5. Default. If an Event of Default shall occur and be continuing, the
Secured Party may take all of the actions or remedies specified in Section 6
hereof ("Remedies") or elsewhere herein.
6. Remedies.
6.1 If an Event of Default shall have occurred and be
continuing, the Secured Party shall have all rights and remedies of a secured
party under the Code and such other rights and remedies as may be available
hereunder, under other applicable law or pursuant to contract. Pledgor agrees
that any notice by Secured Party of the sale or disposition of the Collateral or
any other intended section hereunder, whether required by the Code or otherwise,
shall constitute reasonable notice to Pledgor if the notice is mailed to Pledgor
by regular or certified mail, postage prepaid, at least ten (10) days before the
action to be taken.

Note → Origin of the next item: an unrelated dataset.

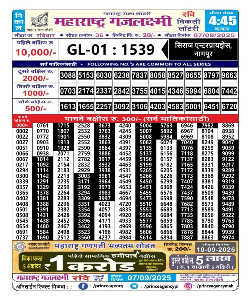 Maharashtra Gajlaxmi Weekly Lottery 4.45PM Result 07.09.2025

During such ten (10) day period, Pledgor shall have the
right to cure any defaults by paying to Secured Party the amount of the Secured
Obligations and any other obligations secured hereby. Pledgor also agrees to pay
all costs and expenses incurred by the Secured Party in enforcing this Agreement
and realizing upon any Collateral (including reasonable attorneys' fees whether
or not suit is brought and whether or not incurred in connection with trial,
appeals or insolvency action).
6.2 Pledgor agrees that in any sale of any Collateral, Secured
Party is hereby authorized to comply with any limitation or restriction in
connection with such sale as it may be advised by counsel is necessary in order
to avoid any violation of applicable law (including, without limitation,
compliance with such procedures as may restrict the number of prospective
bidders and purchasers of Securities, require that such prospective bidders and
purchasers have certain qualifications, and restrict such prospective bidders
and purchasers to persons who will represent and agree that they are purchasing
for their own account for investment and not with a view to the distribution or
resale of such Collateral, or in order to obtain any required approval of the
sale or of the purchaser by any governmental regulatory authority or official)

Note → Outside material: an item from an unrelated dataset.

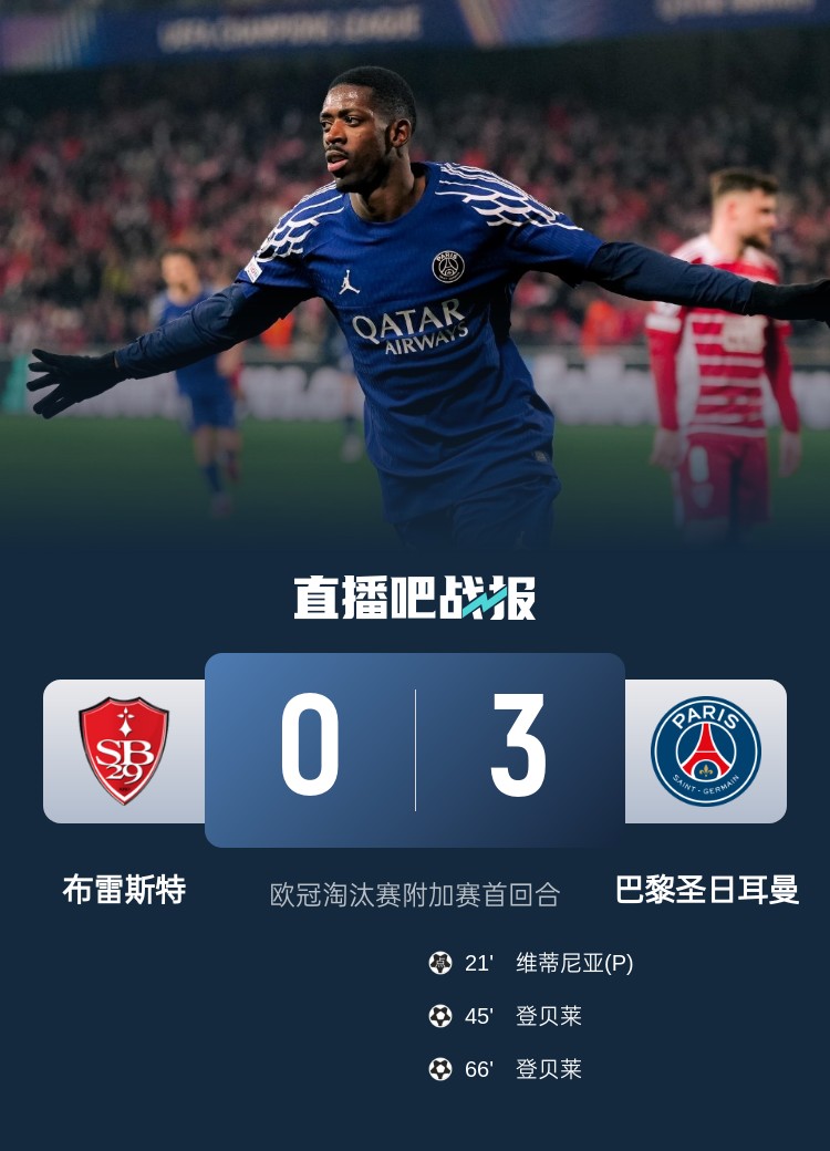 登貝萊梅開二度+造點,巴黎3-0布雷斯特取得先機。

and Pledgor further agrees that such compliance shall not result in such sale
being considered or deemed not to have been made in a commercially reasonable
manner, nor shall the Secured Party be liable nor accountable to Pledgor for any
discount allowed by reason of the fact that such Collateral is sold in
compliance with any such limitation or restriction. Pledgor further agrees that
any sales by the Secured Party shall not be considered to be other than "public
sales" within the meaning of Section 9.504 of the Uniform Commercial Code
because such sales or solicitations are structured to comply with such
limitations or restrictions, the intent of the parties being that any public
sale be subject to such limitations and restrictions.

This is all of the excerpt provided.